Set any annotations by using .SetAnnotation() on the local result object. Generally this needs to be done whether the keyword passes or fails validation. Annotations are stored as a key-value pair, using the keyword name as the key. The value can be anything, but it should be JSON-serializable in order to be rendered properly in the output.

2. Implement one of the schema-container interfaces

If your keyword contains one or more subschemas, you’ll need to implement one of these:

ISchemaContainer - your keyword simply contains a single schema (e.g. additionalProperties)
ISchemaCollector - your keyword contains an array of schemas (e.g. allOf)
IKeyedSchemaCollector - your keyword contains a key-value collection of schemas (e.g. properties)
ICustomSchemaCollector - your keyword contains schemas in some other arrangement (e.g. propertyDependencies)

These will be used at the beginning of the first evaluation and during schema registration to traverse all of the subschemas a provide IDs where none is explicitly declared. This goes on to help $ref and friends to their job while also making that job faster.

3. Apply some attributes

JsonSchema.Net contains several attributes that you should use to specify some metadata about your keyword.

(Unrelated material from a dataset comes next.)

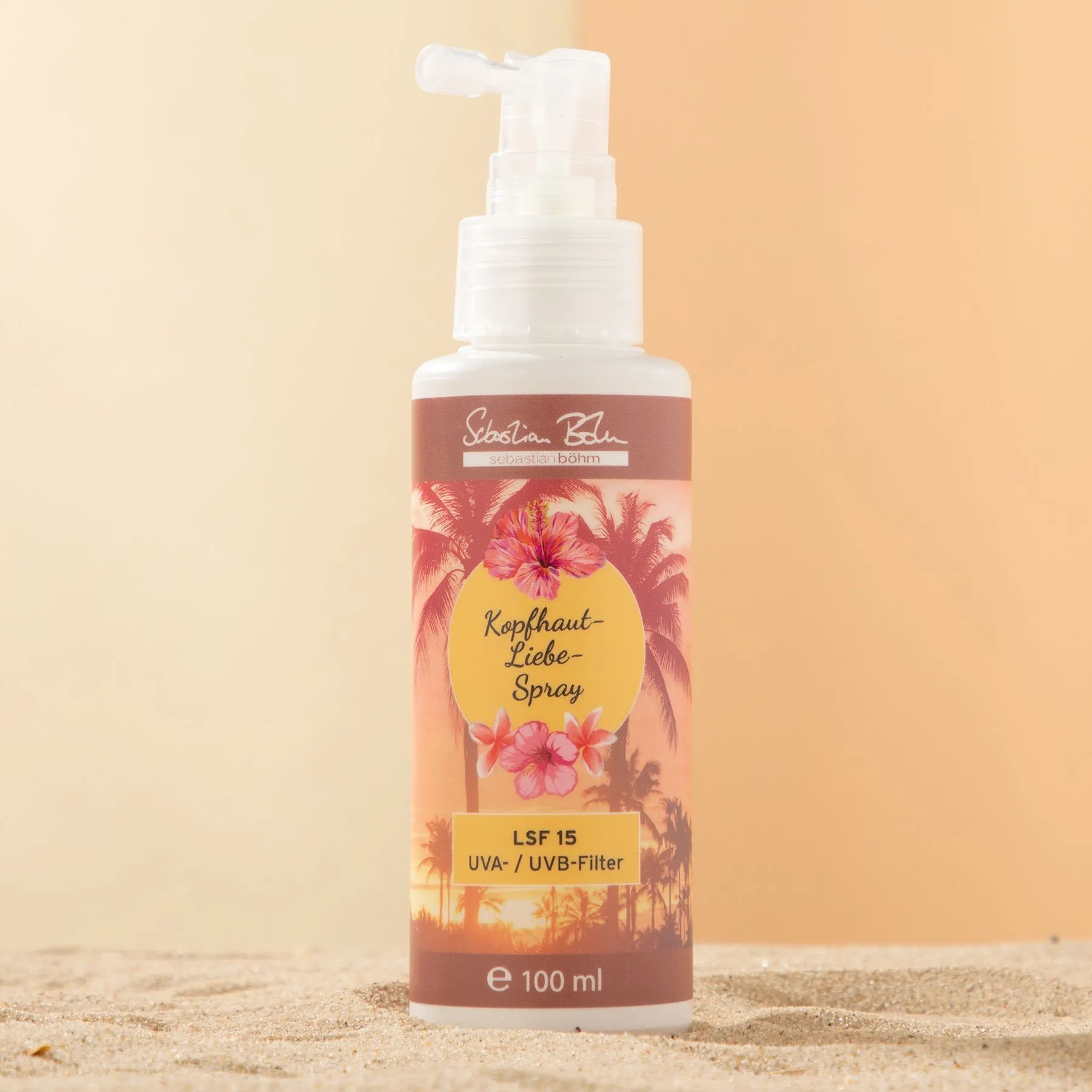 Die Kopfhaut gehört zu den sonnenexponierten Stellen des Körpers und ist deshalb anfällig für Sonnenbrand. Wird die oberste Hautschicht (Epidermis) durch Sonnenbrand auf der Kopfhaut geschädigt, können die Haare einige Wochen nach dem Sonnenbrand aufgrund dessen ausfallen. Das hochwertige Kopfhaut-Liebe-Spray von Sebastian Böhm schützt diese sensible Hautpartie effektiv vor UV/A und UV/B Strahlen und unterstützt zudem die Bildung von Vitamin B. Dabei ist die leichte Textur nicht fettend und legt sich kühlend und erfrischend auf Ihre Kopfhaut.

SchemaKeyword - Defines the keyword as it appears in the schema.
SchemaPriority - Defines a priority that will be used to order keyword evaluation properly. Keywords with the same priority are evaluated in the order they appear in the schema.
SchemaVersion - Declares a version that supports the keyword. This can be used multiple times to declare additional drafts.
Vocabulary - Declares the ID of the vocabulary which defines the the keyword.

4. Register your keyword

To make JsonSchema.Net aware of your keyword, you must register it with SchemaKeywordRegistry.Register<T>(). This will enable deserialization.

Now make it nice to use

To enable the fluent construction interface for your keyword, simply create an extension method on JsonSchemaBuilder that adds the keyword and returns the builder. For example, adding a description keyword is implemented by this method:

  
public static JsonSchemaBuilder Description(this JsonSchemaBuilder builder, string description)
{
    builder.Add(new DescriptionKeyword(description));
    return builder;
}

You might also want to create a keyword-access extension method on JsonSchema. This provides an easy, safe way to get a keyword’s value, if it exists. Here’s the extension method for getting the description keyword value:

  
public static string? GetDescription(this JsonSchema schema)
{
    return schema.TryGetKeyword<DescriptionKeyword>(DescriptionKeyword.Name, out var k)
      ? k.Value
      : null;
}

5. Create a JSON converter

To enable serialization and deserialization, you’ll need to provide the converter for it.

Implement a JsonConverter<T> and apply a JsonConverter attribute to the keyword.